Rudy Giuliani files for bankruptcy following $146 million defamation suit judgment

Former New York City mayor and Donald Trump attorney Rudy Giuliani filed for bankruptcy Thursday, according to a court filing. 

Giuliani filed for Chapter 11 bankruptcy less than a week after a jury ordered him to pay $146 million in damages to Fulton County election workers Ruby Freeman and Shaye Moss, who sued him for defamation. He estimates his liabilities are between about $100 million and $500 million. The damage award was originally set at $148 million, but the federal judge presiding over the case later reduced it to $145,969,000.

“This maneuver is unsurprising, and it will not succeed in discharging Mr. Giuliani’s debt to Ruby Freeman and Shaye Moss,” Michael Gottleib, a lawyer for the two women, said in a statement.

On Wednesday, Judge Beryl Howell of the U.S. District Court for the District of Columbia, ordered Giuliani to compensate the pair of election workers immediately, expressing concern that he may have been dishonest about his finances and that he might not comply with the judgment.

Giuliani had falsely claimed in the wake of the 2020 presidential election that the election workers engaged in a fake ballot processing scheme. His attorney recently signaled that his pockets weren’t deep enough to pay out what Moss and Freeman had been seeking as compensation. 

Giuliani political adviser Ted Goodman told CBS News that the bankruptcy filing “should be a surprise to no one.”

“No person could have reasonably believed that Mayor Rudy Giuliani would be able to pay such a high punitive amount,” he said in a statement. “Chapter 11 will afford Mayor Giuliani the opportunity and time to pursue an appeal, while providing transparency for his finances under the supervision of the bankruptcy court, to ensure all creditors are treated equally and fairly throughout the process. 

Can Giuliani discharge his defamation debt?

Bankruptcy lets debtors wipe the financial board clean by erasing debt. Yet not all financial obligations can be discharged in bankruptcy — debts such as child support, alimony and some taxes must still be repaid.

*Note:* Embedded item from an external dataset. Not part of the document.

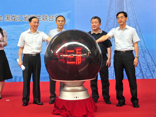 黑龙江省教育厅督学李云增,黑龙江省科技厅副厅长郭大春,黑龙江省科学院副院长王钢,副校长武俊峰共同启动开幕式启动球

Among the debts that people can’t walk from despite filing bankruptcy are those arising from “willful and malicious injury by the debtor to another entity,” according to the U.S. courts.

A similar situation arose with conspiracy theorist Alex Jones, who filed for bankruptcy last year after being ordered to pay nearly $1.5 billion to the Sandy Hook families after calling the 2012 Newtown school shooting a hoax. A judge barred Jones was from discharging the debt in bankruptcy because of the “willful and malicious” clause. 

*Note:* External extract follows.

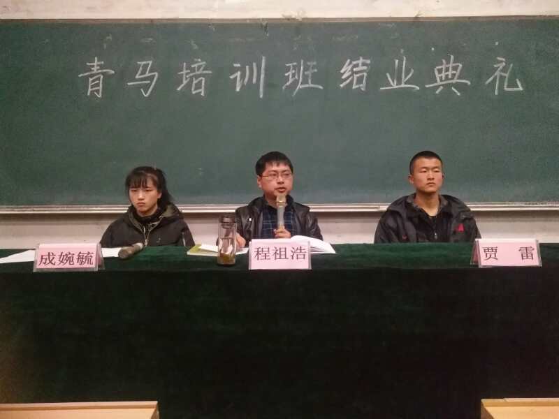 12月25日17:00,太阳集团tcy8722团委在阶一教室举行第一期“青马工程”老员工骨干培训班结业典礼。太阳集团tcy8722团委副书记程祖浩老师出席了并讲话,院员工会主席贾雷、各系员工会主席、团总支书记以及全体青马培训班学员共130余名同学参加。结业典礼由院团委副书记成婉毓主持。

Moss and Freeman’s attorney, Michael Gottlieb, predicted that Giuliani would be unsuccessful in erasing his debt to his clients.

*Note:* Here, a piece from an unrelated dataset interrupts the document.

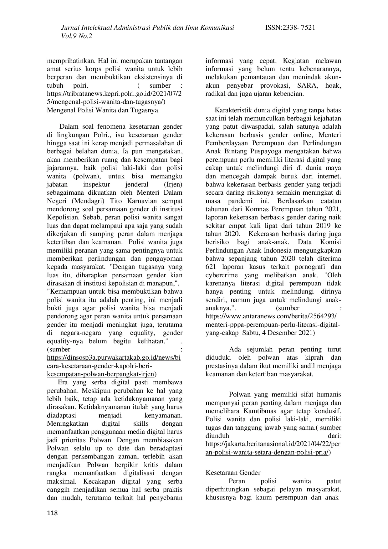 INTELEKTUAL (Jurnal Administrasi Publik dan Ilmu Komunikasi)INTELEKTUAL (Jurnal Administrasi Publik dan Ilmu Komunikasi)Polisi Wanita (Polwan) merupakan bagian penting dari institusi kepolisian. Dalam pelaksanaan tugasnya, Polwan memiliki peran dan fungsi strategis, yaitu sebagai penegak hukum, pelindung, serta penyedia layanan kepada masyarakat untuk mewujudkan keamanan dan ketertiban umum. Pada era digital, keberadaan Polwan sangat diperlukan untuk menangani masalah konten media sosial yang masif di platform digital. Penelitian ini menggunakan metode kajian pustaka. Hasil analisis menunjukkan bahwa peran Polwan pada era digital, selain tugas utama penegakan hukum, juga berperan sebagai aktor utama dalam mengisi konten media sosial sebagai sarana edukasi kesadaran hukum demi terciptanya keamanan dan ketertiban publik. Untuk melaksanakan peran ganda tersebut, Polwan harus memiliki keterampilan literasi digital yang memadai.

“This maneuver is unsurprising, and it will not succeed in discharging Mr. Giuliani’s debt to Ruby Freeman and Shaye Moss,” Gottlieb said.

Giuliani net worth

At one time Giuliani’s net worth was estimated to be in excess of $50 million, but his wealth has plunged. In the bankruptcy filing, he estimates his assets at $1 million to $10 million. Giuliani owes the IRS about $724,000 in income tax for 2022 and 2021 and is on the hook for an additional $265,000 in income tax to New York state, according to legal documents. 

Giuliani also lists “unknown” debts to Dominion Voting Systems, which sued him in 2021 over allegations he falsely stated that the voting technology company was involved in rigging the 2020 presidential election, and to Smartmatic USA, another voting systems company that also filed suit against him in a similar case accusing him of defamation. 

The bankruptcy filing also shows that Giuliani owes an unspecified amount to Hunter Biden, President Biden’s son. Hunter Biden in September filed suit against Giuliani and another lawyer, accusing them of having improperly accessed and shared his personal information after obtaining it from the owner of a Delaware computer repair shop, according to the Associated Press.

To generate cash, he’s sold 9/11 shirts for $911 and pitched sandals sold by Donald Trump ally Mike Lindell. He also started selling video messages on Cameo for $325 a pop, although his page on the site says Giuliani is no longer available.

The financial damages sought by Freeman and Moss would be the “civil equivalent of the death penalty,” Giuliani’s attorney Joe Sibley, told the jury last week ahead of the ruling ordering him to pay millions in damages.

Editor’s note: This story and headline have been updated to clarify that the judge reduced the amount due to $146 million.